Figure 1. Decision and Controls with Models
Architecture
Data streams originating in the substrate, and gathered in the collection gateway, may be compressed. There may be gaps in data collection that need interpolation. Not all data types collected will have an equal impact on decision-making, which means that feature-filtering is important for decision-making. These issues justify the need for multi-stage pre-processing. Similarly, rapid decision-making can be achieved through multi-stage interconnected models using deep-learning technology. Instead of having one huge and complex model, experts agree that simpler interconnected models lead to more reusable design. The following figure illustrates the decision-making process. It shows a sample interconnected model graph that detects anomalies, identifies root-causes, and decides on a control sequence to recommend remediation measures.

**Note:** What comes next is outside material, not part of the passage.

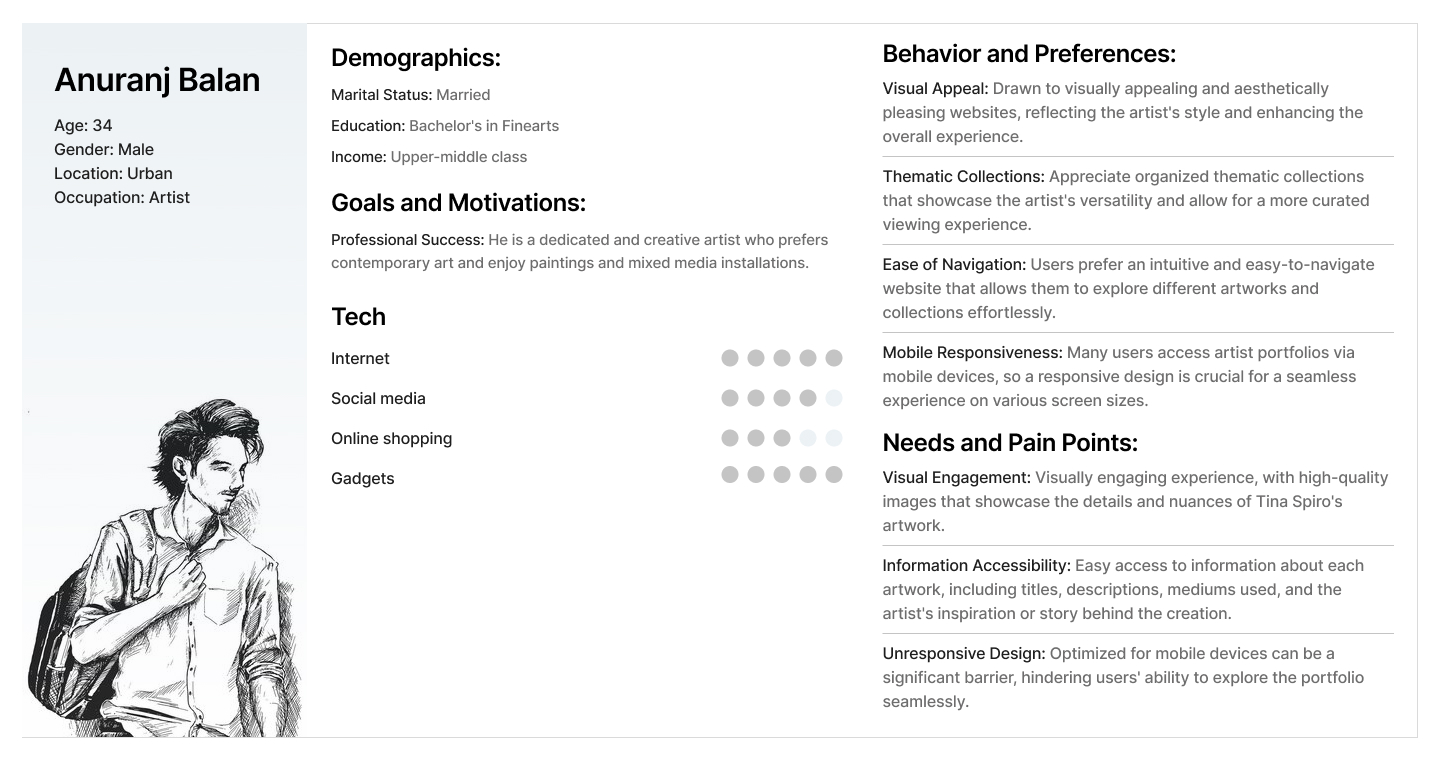 To understand user preferences and enhance Tina Spiro's portfolio website, user research involves surveys and interviews with her target audience, art enthusiasts, and potential clients. Observing user interactions on existing art platforms aids in identifying preferences. Additionally, analyzing competitor websites offers insights. Iterative feedback loops with Tina Spiro and potential users guide the design process. Qualitative data ensures a user-centric approach, resulting in a tailored portfolio site that resonates with the audience and meets Tina's artistic and professional goals.User Personas

Figure 2. Runtime acceleration key for real-time loops
Deep-learning is a good tool for inductive reasoning, but deductive reasoning is also important for decision-making (for example, to limit cascading errors) and this requires one or more postprocessing stages. Collectively, these arguments point to a need for auto-pipelining through Function-as-a Service (FaaS) for WebScale automation in the cloud-native space. Add to this the need for streaming, visualization, and time-series databases for selective data-processing in the stages, and what we end up with is a Machine Learning Operating System (ML-OS) that provides these services. An ML-OS, such as Nuclio, automatically maps pipelined functions (for example, python definitions) to cloud-native frameworks, utilizing specified configurations, as well as supporting open-source tools for visualization, streaming, in-memory time-series databases, and GPU-based model acceleration. Applications developed on the ML-OS ingest data and output control sequences for continuous optimization in decision-making. These real-time decision-making loops collectively enable WebScale Network Automation, Slice Management, RAN operations, Traffic Optimization, QoE Optimization, and Security. The following figure illustrates the AIOPs platform.
Figure 3. AIOPs Platform
Deployment
In this section we show our prototype deployment using Generation (substrate) and Analytics infrastructure, as shown in the following figure. Generation includes workload that is placed in Red Hat OpenStack (R16) VMs, where synthetically-generated tomography images are compressively sensed in one VM and then reconstructed in another VM. System performance metrics from this workload environment are exported to the Service Telemetry Framework (STF) Gateway placed in RedHat OpenShift (v4.3) containers, which gather data for streaming to the Analytics cluster placed in VMware (v6.7) VMs. The Analytics cluster includes Iguazio ML-OS with native GPU acceleration, and Anodot models for correlation and anomaly detection.
Figure 4. Workload layout in virtual infrastructure
The OpenStack cluster has 3 physical control nodes (R640) and 2 physical compute nodes (R740). Vm-1 generates random tomography images, which are compressed and dispatched to Vm-2 for Reconstruction using L1 Lasso Regression. OpenShift (OCP) is deployed on a pool of VMware virtual hosts (v6.7) with vSAN (see Reference Design) on 3 physical nodes (R740xd). OCP deployment spans 3 control and 5 compute virtual hosts. There is a separate administration virtual host (CSAH) for infrastructure services (DHCP, DNS, HAPROXY, TFTP, PXE, and CLI) on the OCP platform. vSphere CSI drivers are enabled on the OCP platform so that persistent volume requirements for OCP pods are satisfied by vSAN storage. RH STF deployed on OpenShift facilitates the automated collection of measurements from a workload environment over RabbitMQ message bus. STF stores metrics in the local Prometheus database and can forward to data sinks like Nuclio or Isilon (remote storage). Nuclio ML-OS is installed as 3 data VMs and 3 application VMs using data, client, and management networks. Anodot models in the application VMs process metrics from the OpenStack environment to detect anomalies and correlate them, as shown in the following figure.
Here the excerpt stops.